Hi! After this question I understood, that I hadn’t understood regularization regression model.
I was sure, that it increases w. It should be by principles of algebra. Because I dot lambda on sum of w**2. It should be positive number, that will increase J in the end.
So, most probably I didn’t understand, what means “min”. Can you explain me, please, this question?
The question is asking what happens to the weight values when the cost function is minimizied.
The ^2 in the regularization term doesn’t increase the weight values. It computes the squares of the weight values. It doesn’t modify the weight values itself - it just computes the regularized cost.

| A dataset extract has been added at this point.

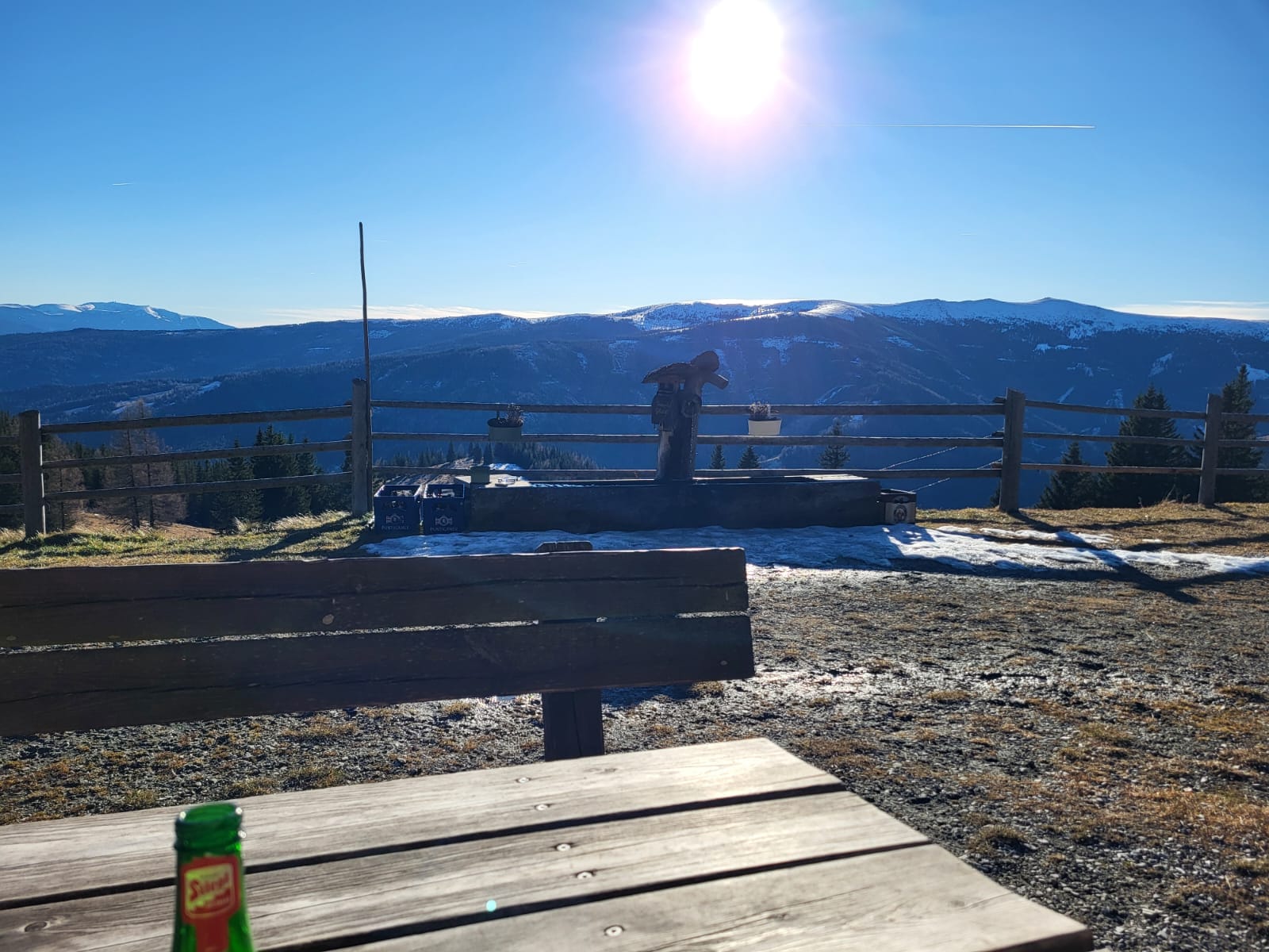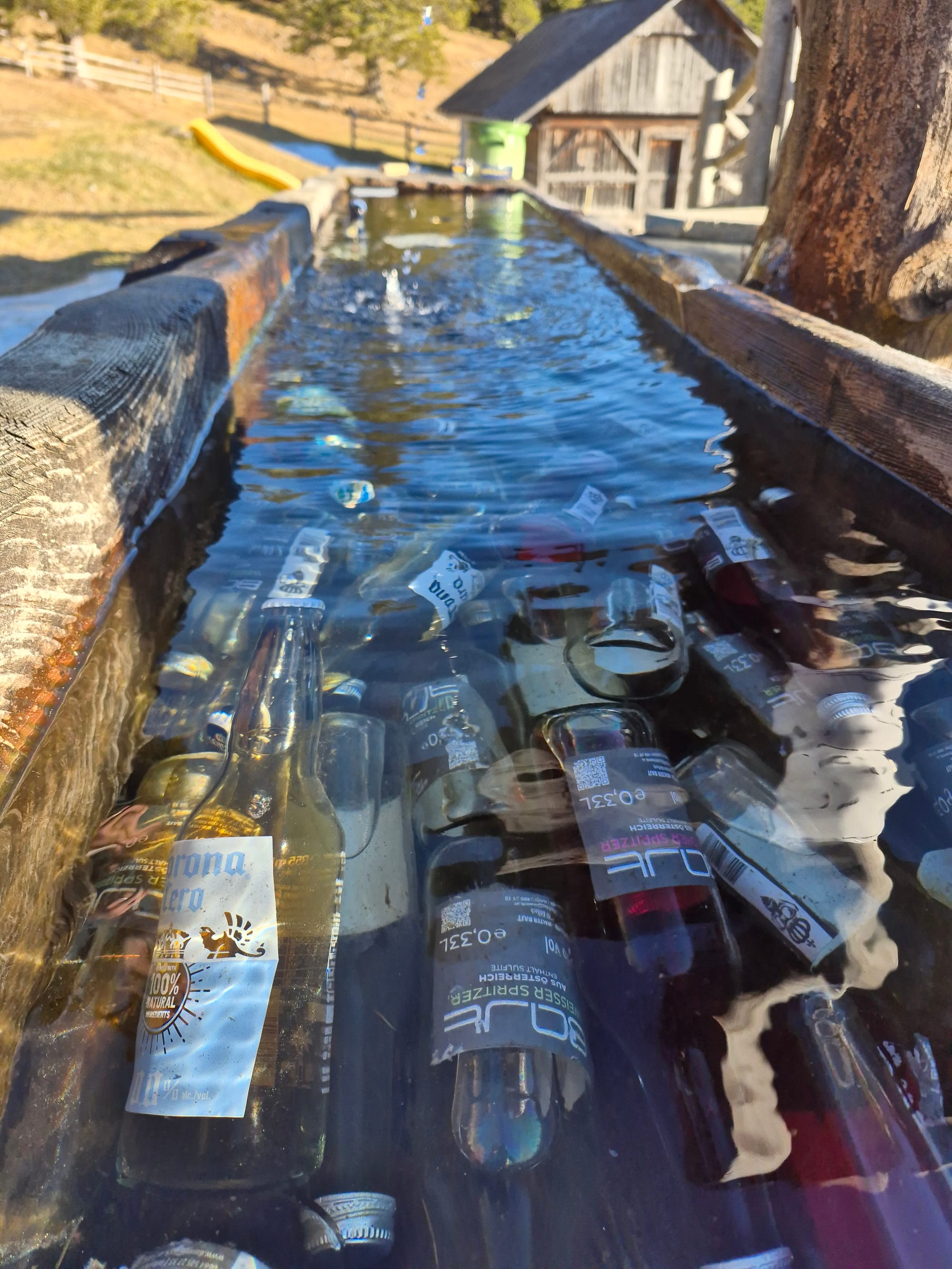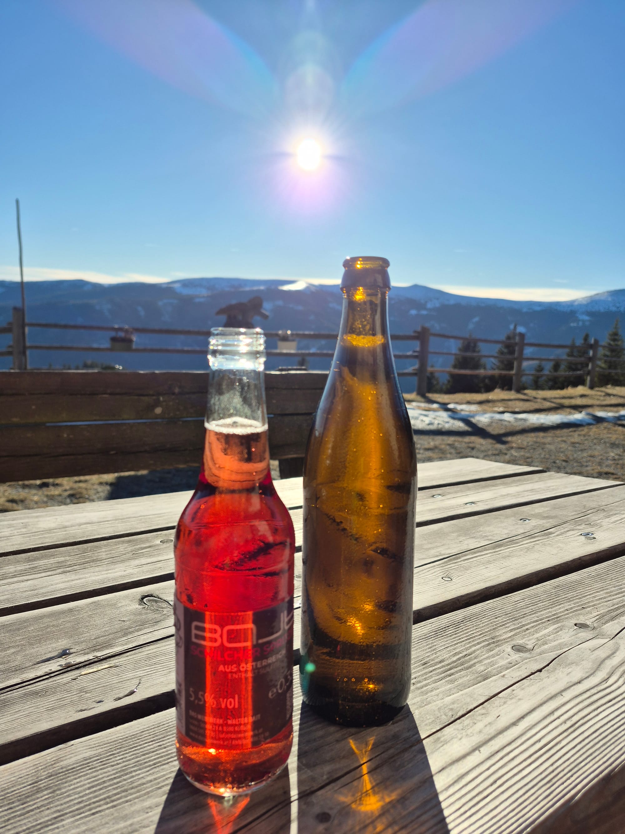 Dann entdecke ich, dass der Selbstbedienungsbrunnen, der bis jetzt nur Bier und Limonade hatte, sein Sortiment erweitert hat. Es gibt jetzt auch weißen und Schilcherspritzer. 🤗

In the end result, we run an optimizer that modifies the weights to get the minimum cost. Since some of the cost comes from the regularized term, the optimizer has an incentive to learn smaller weight values, in order to reduce the magnitude of the regularized term.
Since lambda is a multiplier on the regularized term, if you make lambda larger, that creates even more incentive for the optimizer to make the weight values even smaller.
How to do? Can you clearlify, please? Or maybe I a bit can’t understand what you mean?
The optimizer uses the gradients of the cost function to find the minimum. Mathematically, it’s like walking down a slope to find the bottom of the valley.
A bit not understand, what is the difference between Gradient Decent and minimization of w and b parameters in this case?
Is Gradient Decent works only with y axis? and not return w and b?
Gradient descent is a method to adjust the w and b values so that they give the minimum cost.
We’re not interested in minimizing w and b, we’re interested in the minimum cost.
oh, I see. So, do you mean, that a cost can be lower with bigger w or b, correct?
Yes, w and b can have any value, small or large, positive or negative or zero, depending on the problem. If large values of w and b give a small cost, we accept that.